Managers running small portfolios at large fund houses could be among those hardest hit by moves to separate research and trading costs, specialists have suggested.
Last month, the European Commission published draft rules on dealing commissions, confirming it intends to sever the link between research and trading costs under Mifid II, due to come into force in January 2018.
Under the proposals, asset managers could pay for research themselves or create a separate account for such costs, which are then charged to the end client.
Some firms – Baillie Gifford and Legal & General Investment Management (LGIM) among them – have already taken action in anticipation of the rules.
Previous warnings have suggested smaller asset managers would be hardest hit by the changes, but experts have now emphasised that individual funds may also struggle.
Vicky Sanders and Jeremy Davies, co-founders of research firm RSRCHXchange, claimed niche offerings in bigger organisations would face difficulties.
“The funds with smaller pots of money in a big organisation, such as a credit fund in an equity house, will be most affected,” Mr Davies said.
“Now you can’t cross-subsidise, that credit book is going to have to purchase research itself. That’s going to be a struggle. The banner on your sign isn’t going to get you through any more.”
2018: Year in which Mifid II proposals are implemented
10-15bps: The rise in charges for many of LGIM’s equity funds due to it incorporating research costs
He also noted that, with the prospect of more limited access to research, managers – in particular those such as emerging market and multi-asset managers, who focus on disparate areas – would need to become much more selective in their choices.
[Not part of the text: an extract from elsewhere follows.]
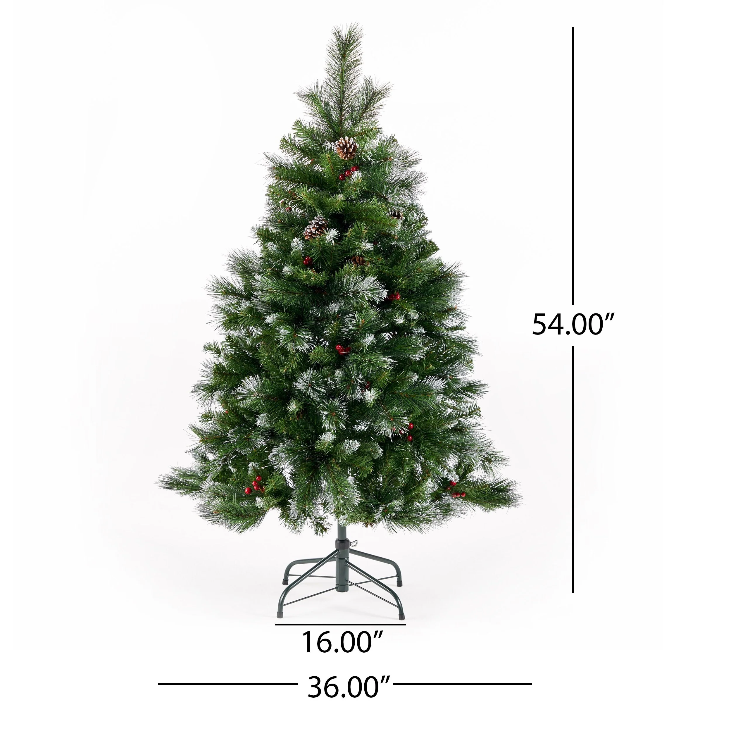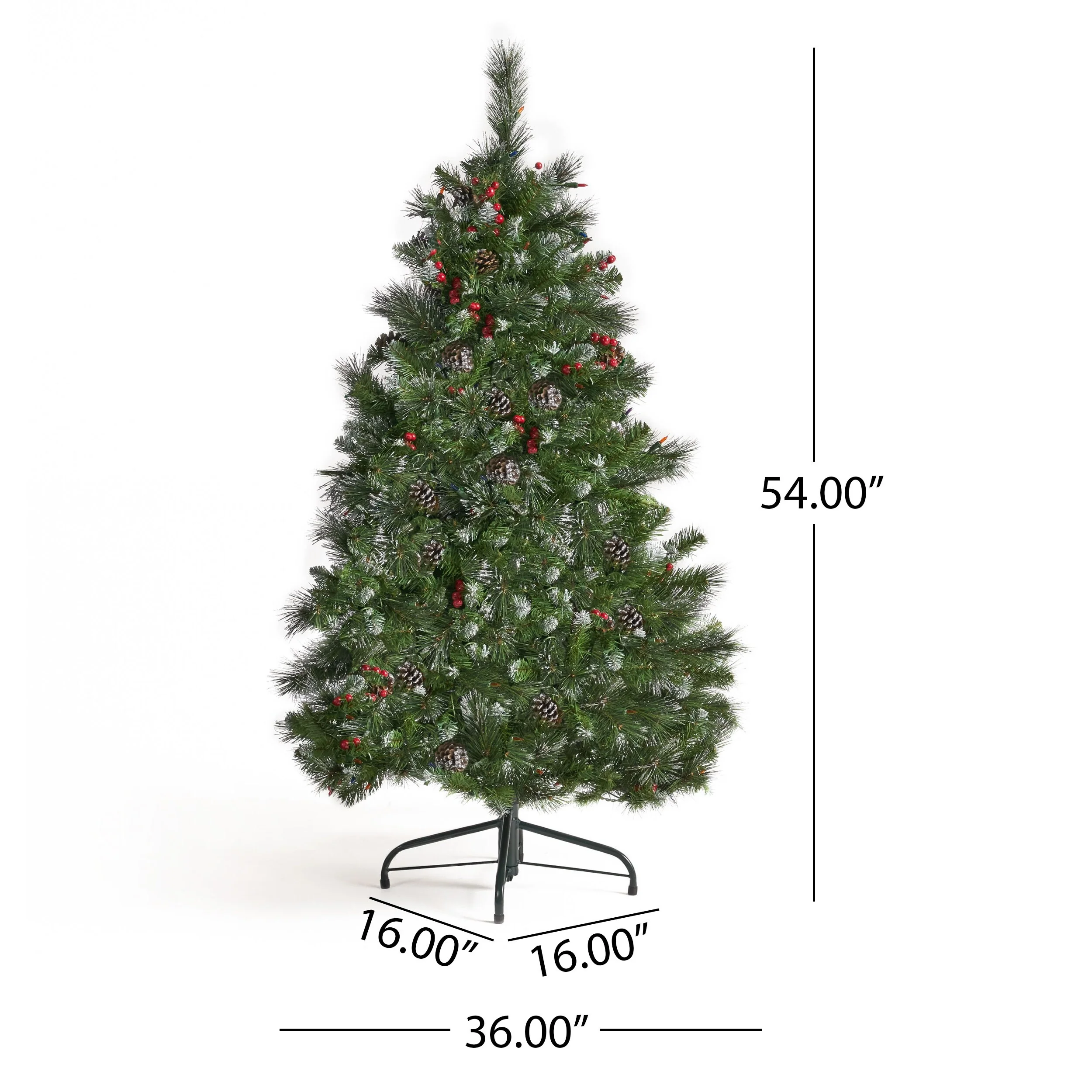 DIMENSIONS: Choose a centerpiece for the holidays that is the perfect size for you and your home. This Christmas tree is 36.00' W x 36.00' D x 54.00' H with a base of 16.00' W x 16.00' D x 6.50' H. You will love how festive your interior space can become with the simple addition of this charming tree.

“As a multi-asset manager, you can target areas that are hot. If there is a deal in one space, you want to look at that,” he said.
“You come to be very agile when you can’t lock in 100 per cent of your budget. You need to buy research in different ways.
“Greece usually kicks off in May [so managers will take an interest in that]. Everyone needs to be an expert in oil when that crashes. It’s about having that focus and agility.
“People need to get used to playing to their strengths. If you know you can operate in a spot market and pick and choose your moments [to invest], you can do the same with research.”
Some firms are already pre-empting the introduction of formal rules unbundling research costs.
LGIM unbundled commission paid to brokers at the start of April, opting to give each of its equity funds a defined research budget. The costs of these budgets are paid using its fixed “fund management fee” for each product, which resulted in these charges increasing by 10 to 15 basis points for many products.
Woodford Investment Management announced it would bear the costs of broker research itself, as well as disclosing transaction costs each month.